Текст книги "Асоциальные сети"
Автор книги: Артур Дмитриев
Жанр: Социальная фантастика, Фантастика
Возрастные ограничения: +18
сообщить о неприемлемом содержимом
Текущая страница: 9 (всего у книги 17 страниц)
– Так что я все-таки подписал?
– Завтра узнаешь.
– Завтра, а что будет завтра?
Мужик встал, и его место занял сероглазый, уставший стоять.

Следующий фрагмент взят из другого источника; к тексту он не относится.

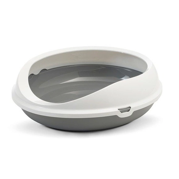 Owalna, otwarta kuweta dla kota. Wyposażona w ramkę zabezpieczającą żwirek przed wysypywaniem.
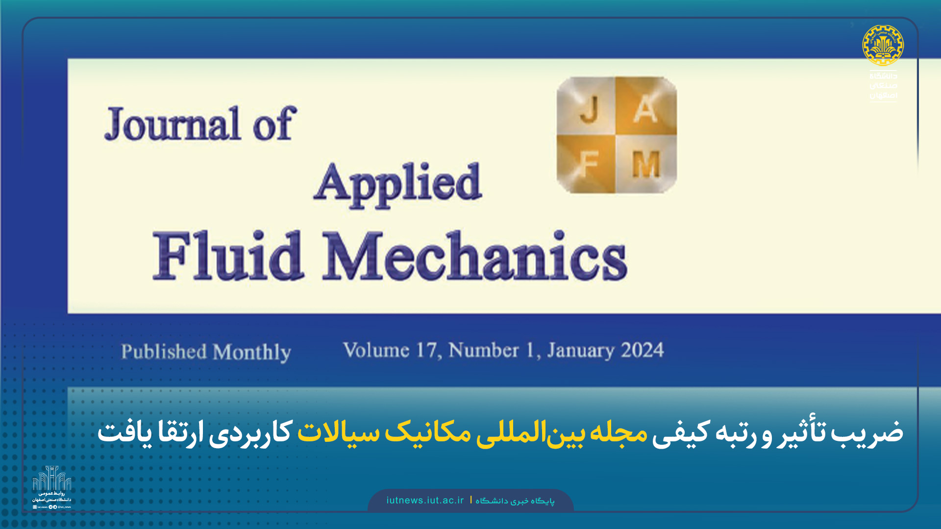 ضریب تأثیر مجله بین‌المللی مکانیک سیالات کاربردی (JAFM) وابسته به دانشگاه صنعتی اصفهان، بر اساس تازه‌ترین گزارش پایگاه بین‌المللی وب آو ساینس (WOS)، از ۱.۱ در سال ۲۰۲۳ به ۱.۳ در سال ۲۰۲۴ افزایش یافت.
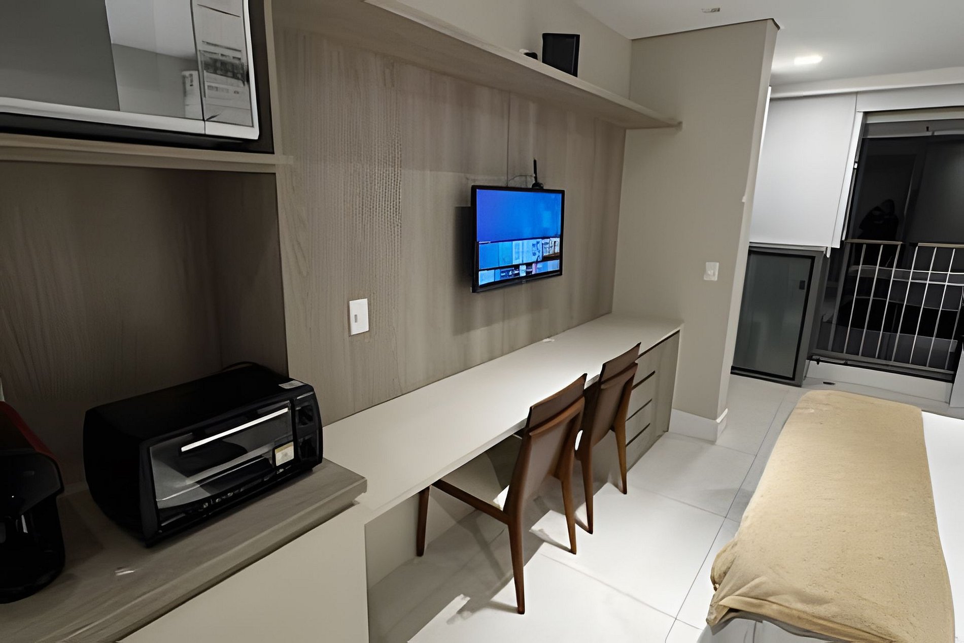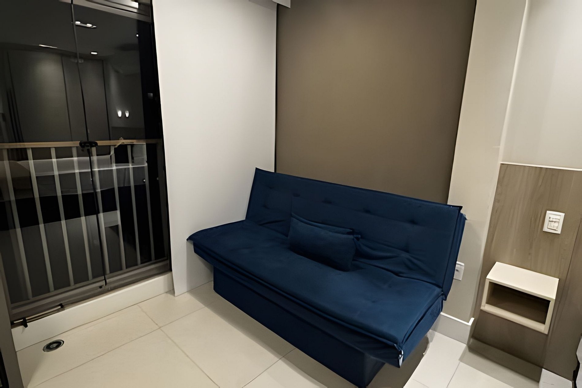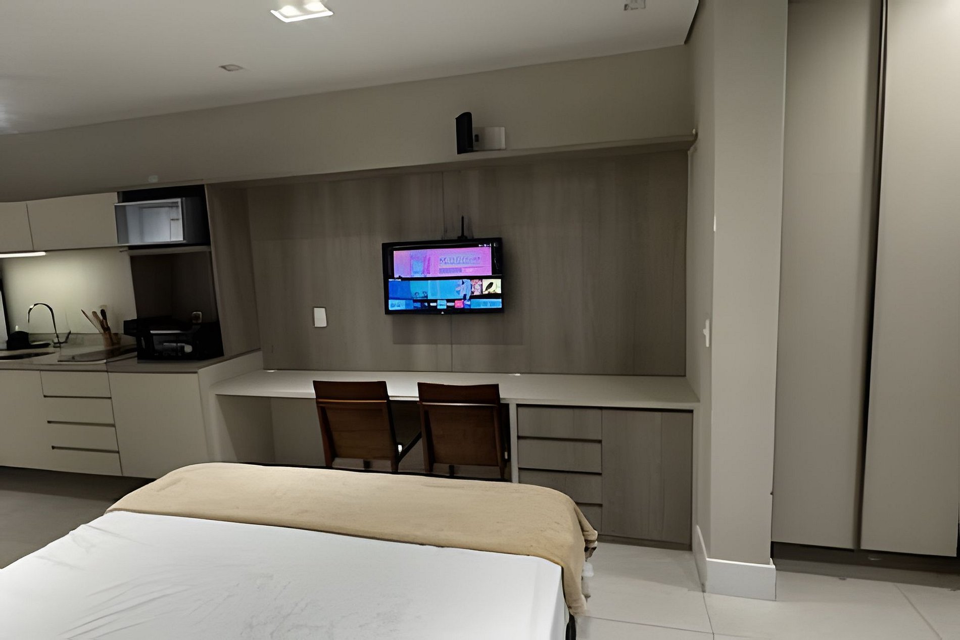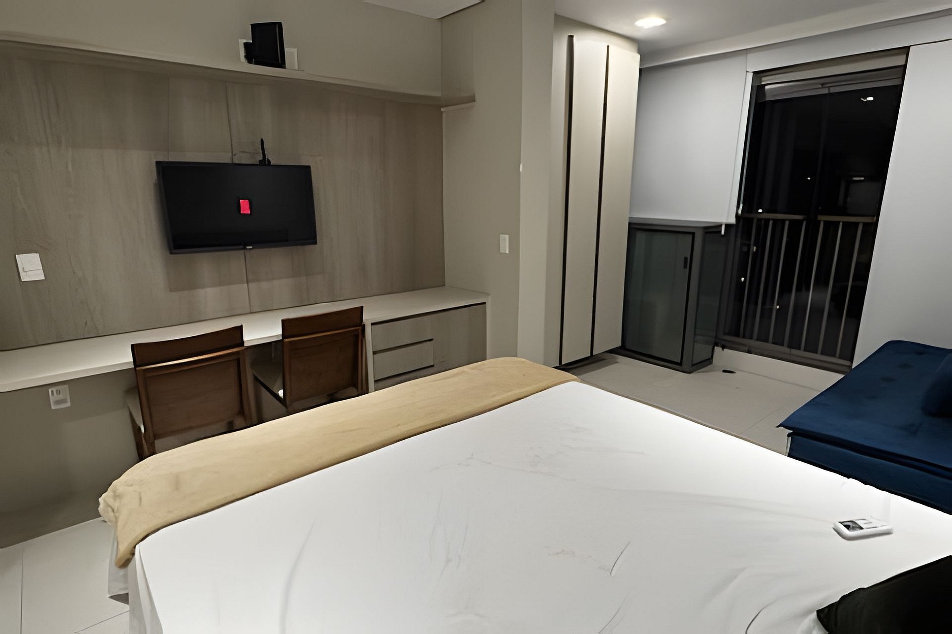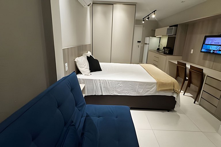 ᐅ Studio: cama queen size e sofá cama casal, roupas de cama, cortina blackout, Wifi 500Mbps, Tv Smart com canais de antena digital, ar condicionado split, fechadura eletrônica.
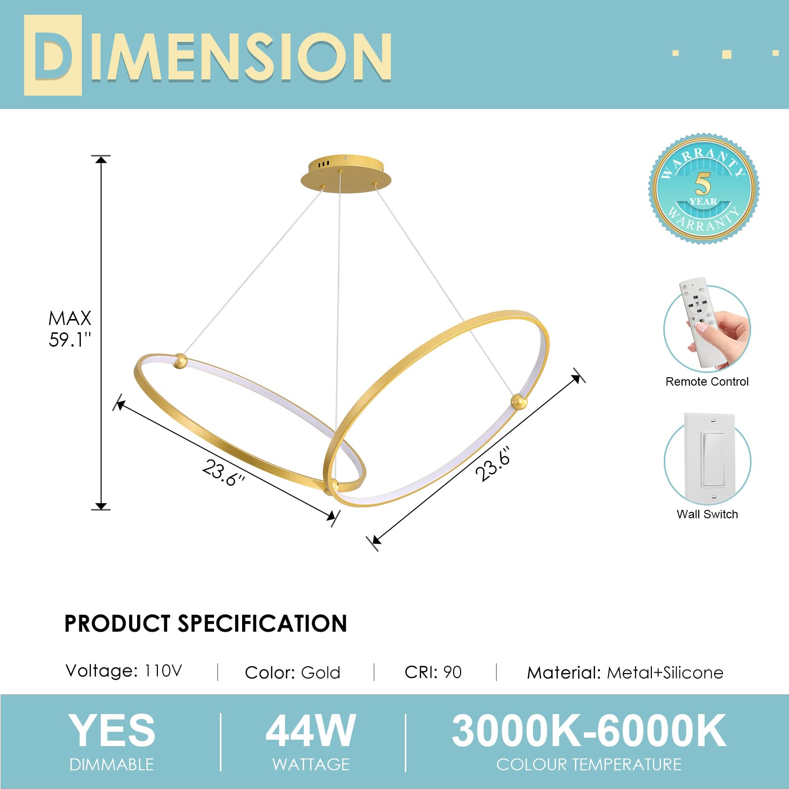 - CHANDELIER SPECIFICATION: Watt: 44 W, Volt: 110 V, Lumen: 3520 lm, Suggested space size: 110-160 sq.ft. Product size: D23.6" inches, Adjustable Max height: 59.1 inches, Color temperature: 3000K-6000K, Dimmable: Yes
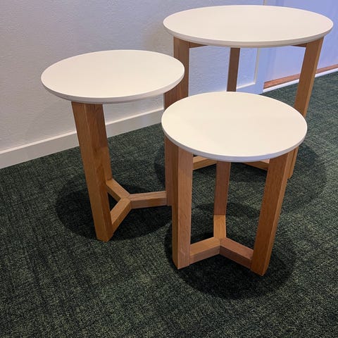 To fine sofaborde/sideborde i massiv bøg. Der er få brugsmærker på bordplader.
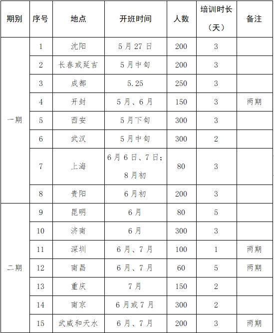 附:“腾讯公益数字人才开放计划”专场培训班分布表
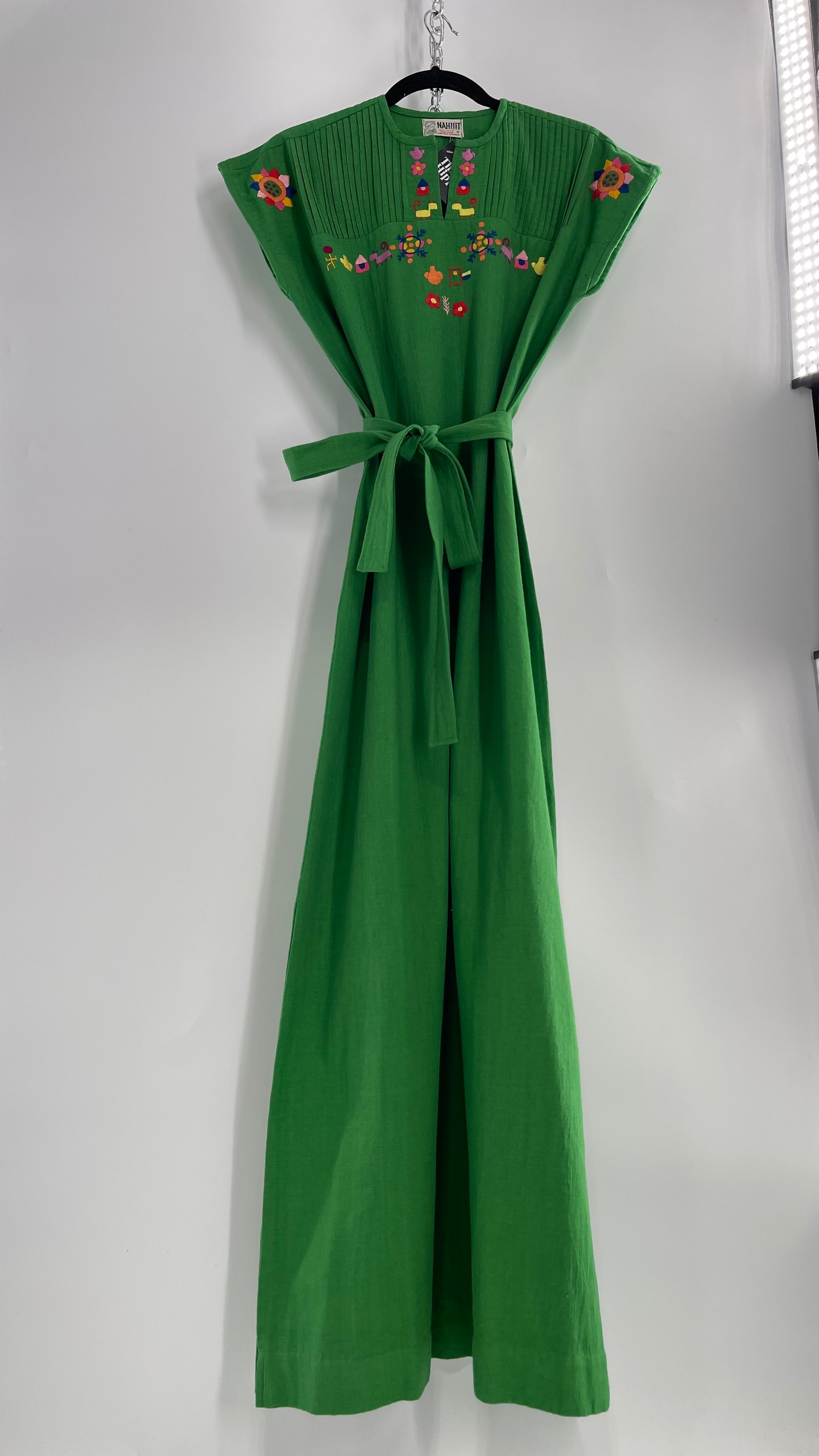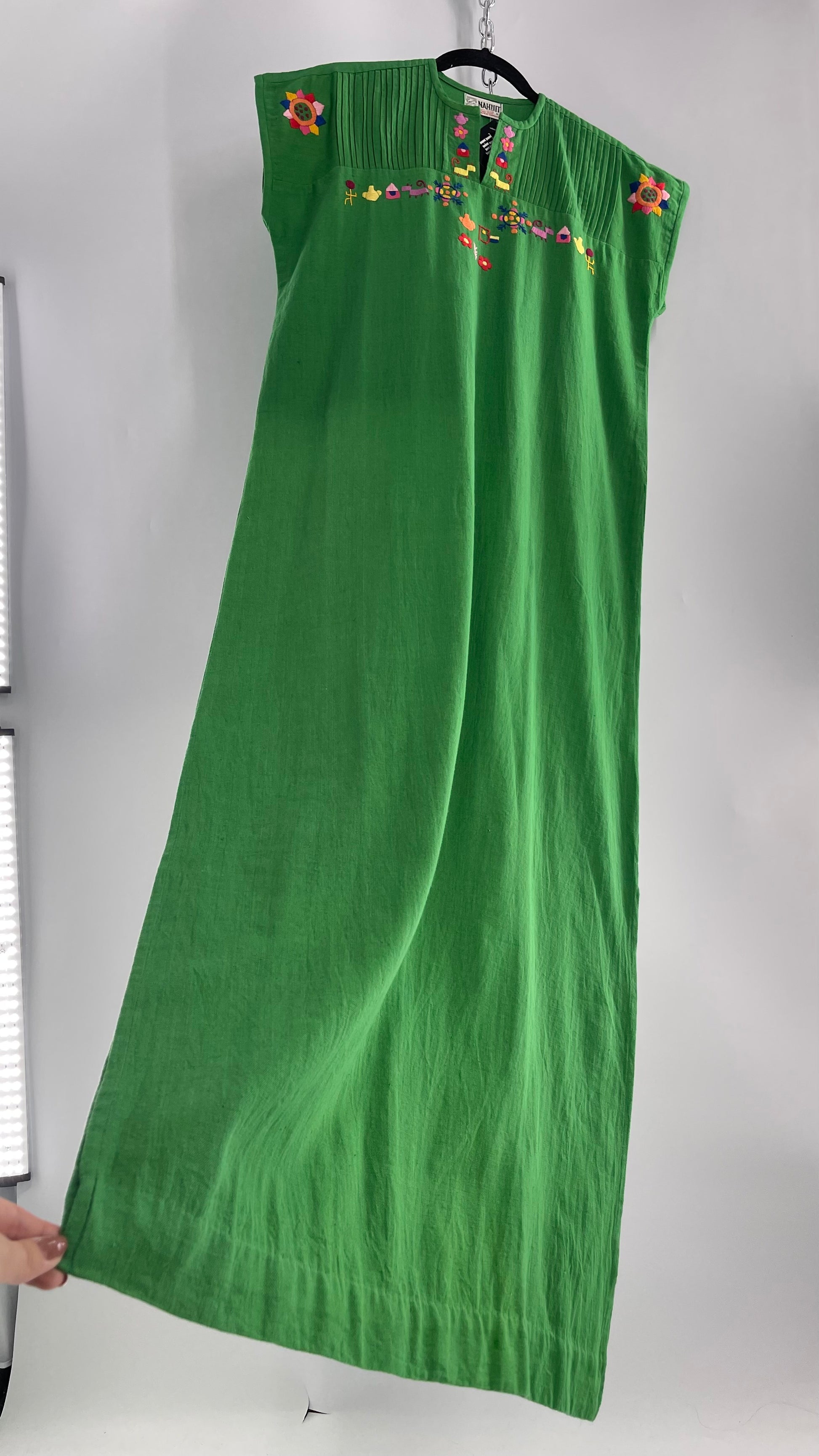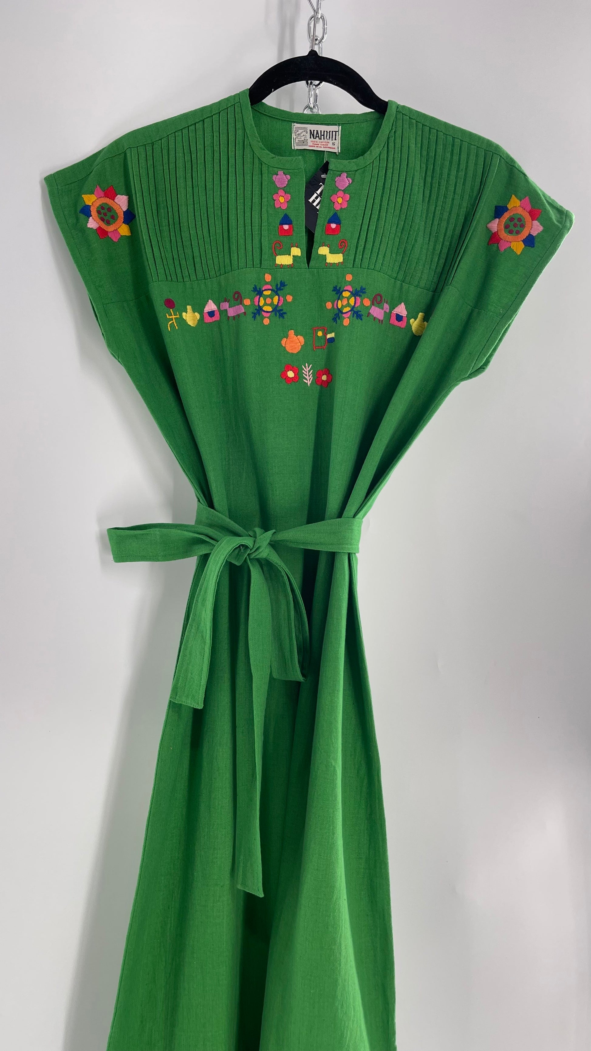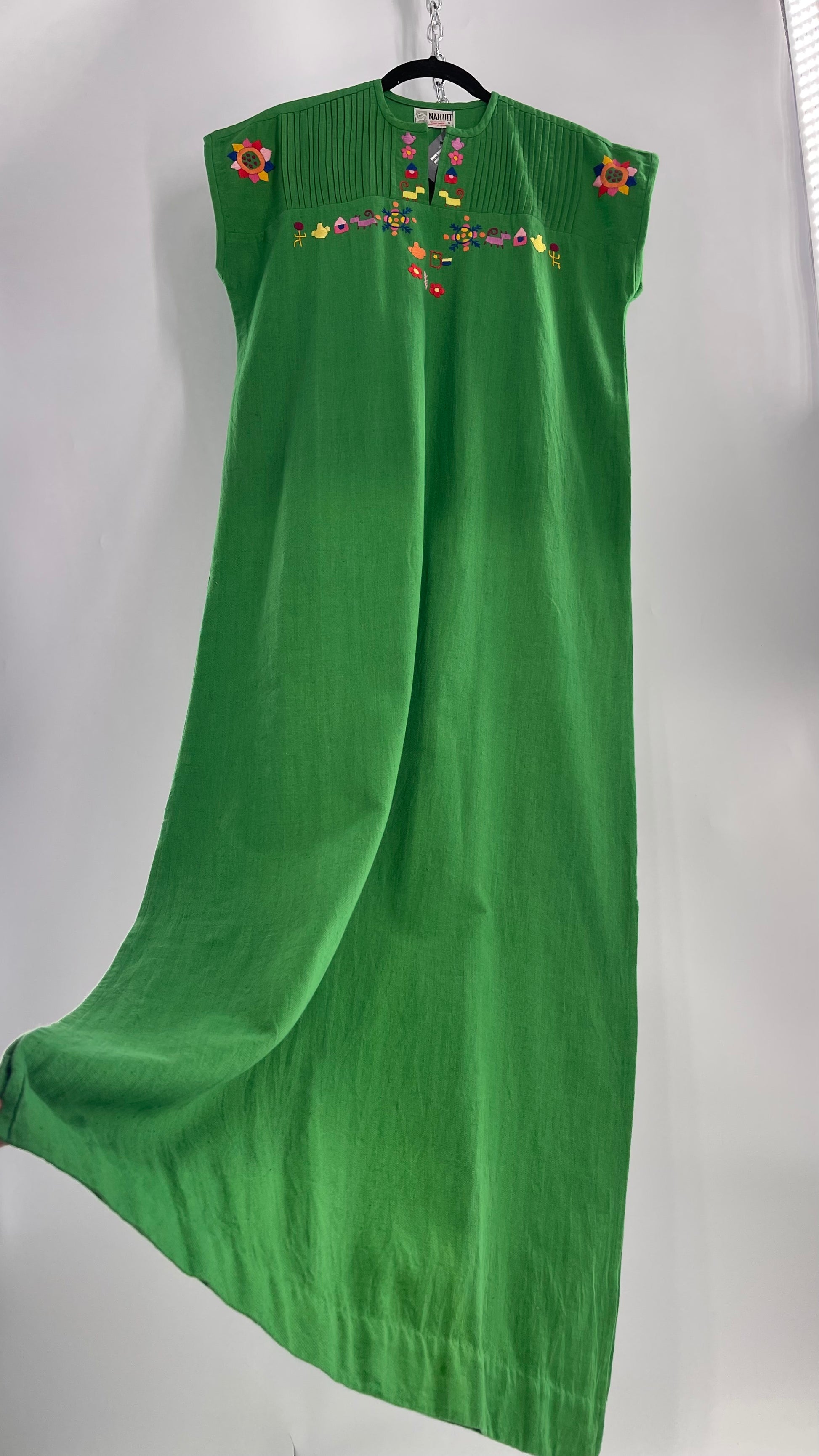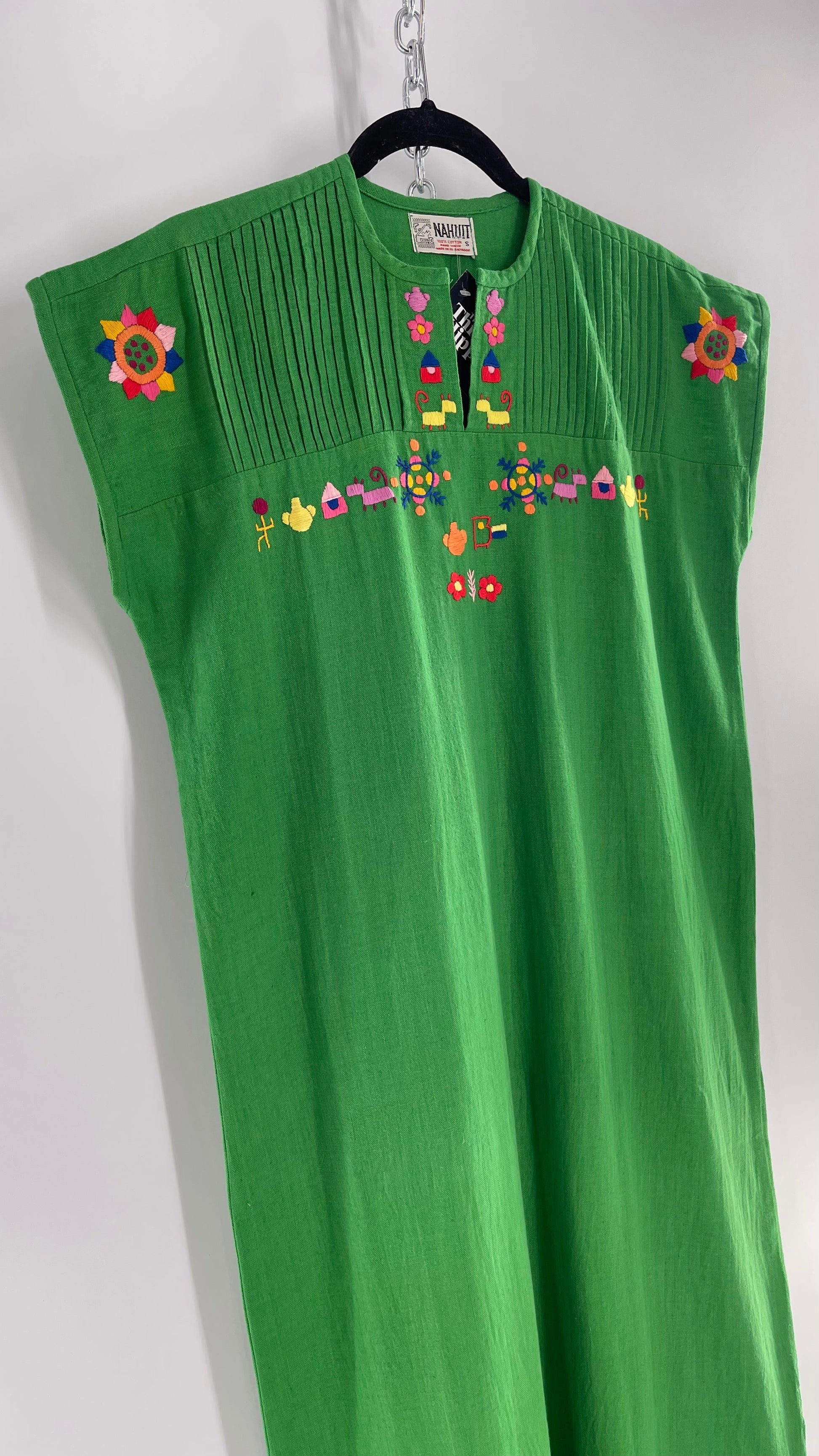 Vintage 1970s NAHUIT 100% Cotton, Hippy/Bohemian Kelly Green, Embroidered Tunic Dress Made In El Salvador (Small)
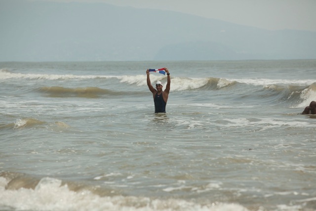 I was very afraid because of the salt water crocodiles. I was surrounded by many escort boats including Indonesia Coast Guards and divers. During the last few kilometers, I face a very strong current against us, but I could see all the people waiting at the finish to that final push was very special [because it was hard and because of the expectations of the crowd].”

– Завтра, Марк, ты станешь звездой, настоящей, целокупной, новой звездой нового поколения, которое разучилось слушать старших и голос разума. Тебя покажут на всех телевизорах, мониторах и экранах телефонов страны, откуда ты расскажешь, как же плохо быть таким негодяем и редиской. Возможно, ты даже будешь молчать, но этого ничего, мы сами расскажем, тем более ты все подписал.
– Да что все подписал-то?
– Чистосердечное признание, историю гниения и списки своих подельников. Многие уже рядом томятся за соседней стенкой, остальных выловим, не переживай, и Славика твоего найдем. Просто мы решили немного сместить вектор и хотим показать, что бывает с теми, кто идет против государства, которое их кормит, лелеет и оберегает.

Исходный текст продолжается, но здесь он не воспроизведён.